### Information supplied

·····

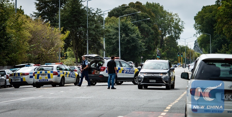 Gunmen stormed a mosque in Christchurch in New Zealand and armed police have been deployed. Major intersections are blocked, March 15, 2019. (Xinhua/Zhu Qiping)
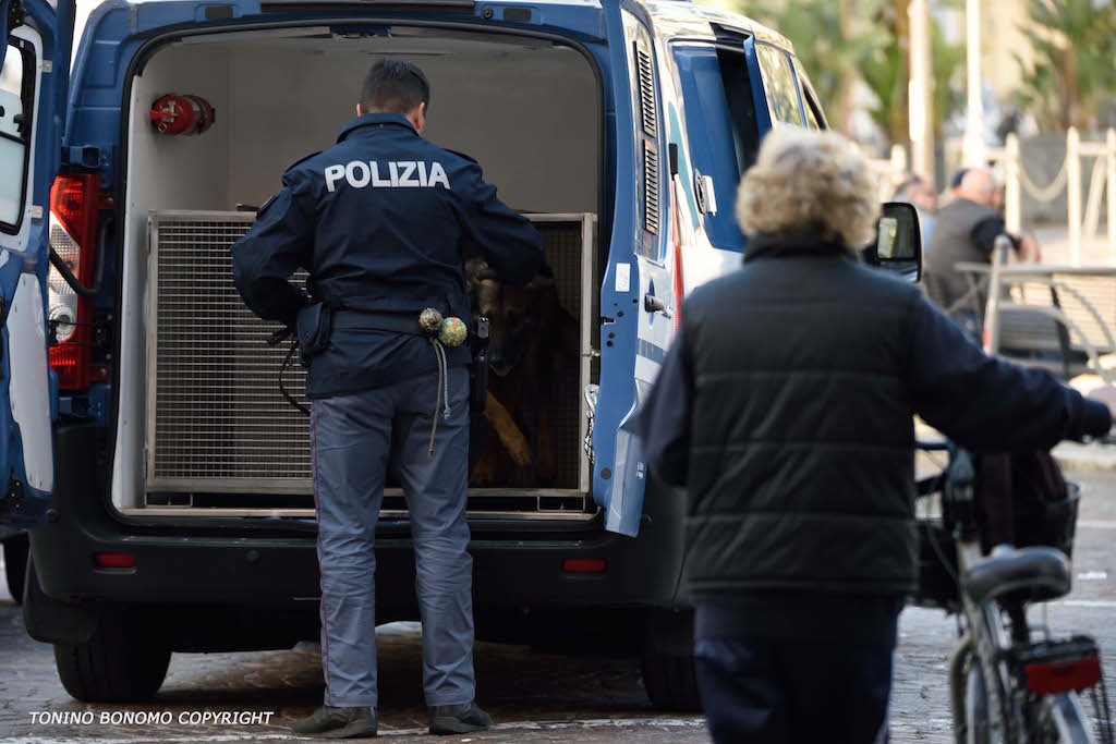 Questo pomeriggio blitz della Polizia in piazza Colombo a Sanremo. Gli agenti del nucleo prevenzione crimine di Genova con l’ausilio dell’unità cinofila hanno passato al setaccio la piazza.
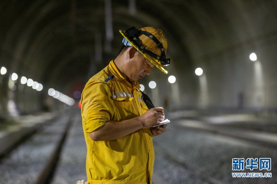 11月初,消息传来,王鹏和工友们不仅按期完成了中老铁路勐腊段30公里的轨道精调任务,线路平均TQI值更“超水平发挥”,达到了2.3。图为王鹏在隧道内记录精调作业相关数据(摄于10月27日)。(新华网 赵普凡/摄)
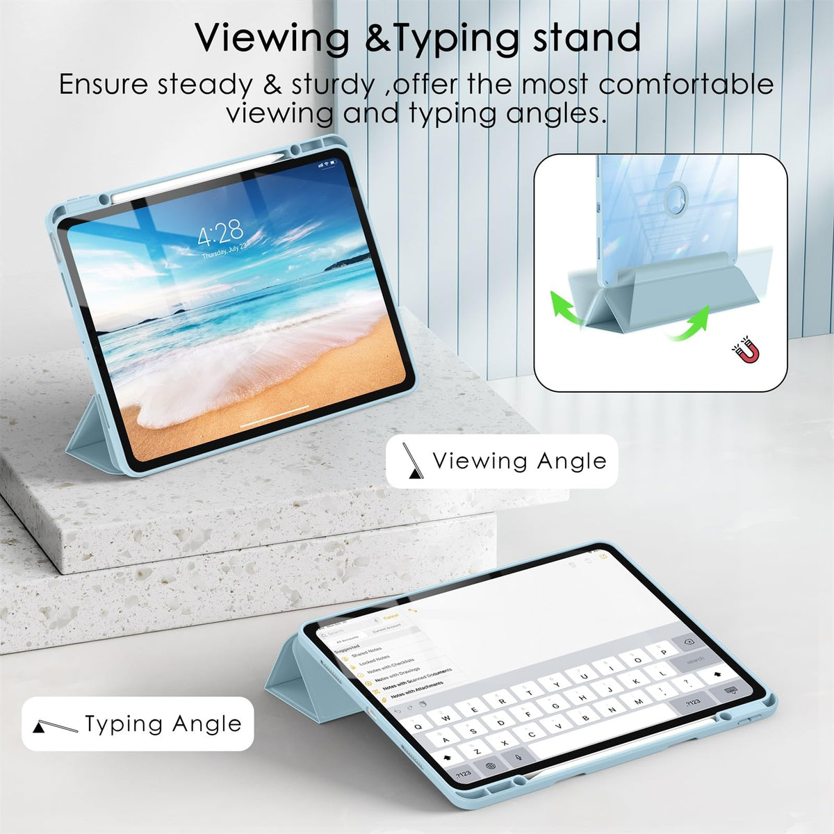 Soke Case For Ipad Air 13 M2 2024/Pro 12.9 (6Th/5Th/4Th Generation, 2022/2021/2020) Pencil Holder+Auto Sleep/Wake+Camera Protection, Shockproof Back Cover For Ipad Pro 12.9 Inch, Sky Blue

·····

### Work instructions
Word for word, retype all of the data above, but include no pictures.

### Finished task
 Gunmen stormed a mosque in Christchurch in New Zealand and armed police have been deployed. Major intersections are blocked, March 15, 2019. (Xinhua/Zhu Qiping)
 Questo pomeriggio blitz della Polizia in piazza Colombo a Sanremo. Gli agenti del nucleo prevenzione crimine di Genova con l’ausilio dell’unità cinofila hanno passato al setaccio la piazza.
 11月初,消息传来,王鹏和工友们不仅按期完成了中老铁路勐腊段30公里的轨道精调任务,线路平均TQI值更“超水平发挥”,达到了2.3。图为王鹏在隧道内记录精调作业相关数据(摄于10月27日)。(新华网 赵普凡/摄)
 Soke Case For Ipad Air 13 M2 2024/Pro 12.9 (6Th/5Th/4Th Generation, 2022/2021/2020) Pencil Holder+Auto Sleep/Wake+Camera Protection, Shockproof Back Cover For Ipad Pro 12.9 Inch, Sky Blue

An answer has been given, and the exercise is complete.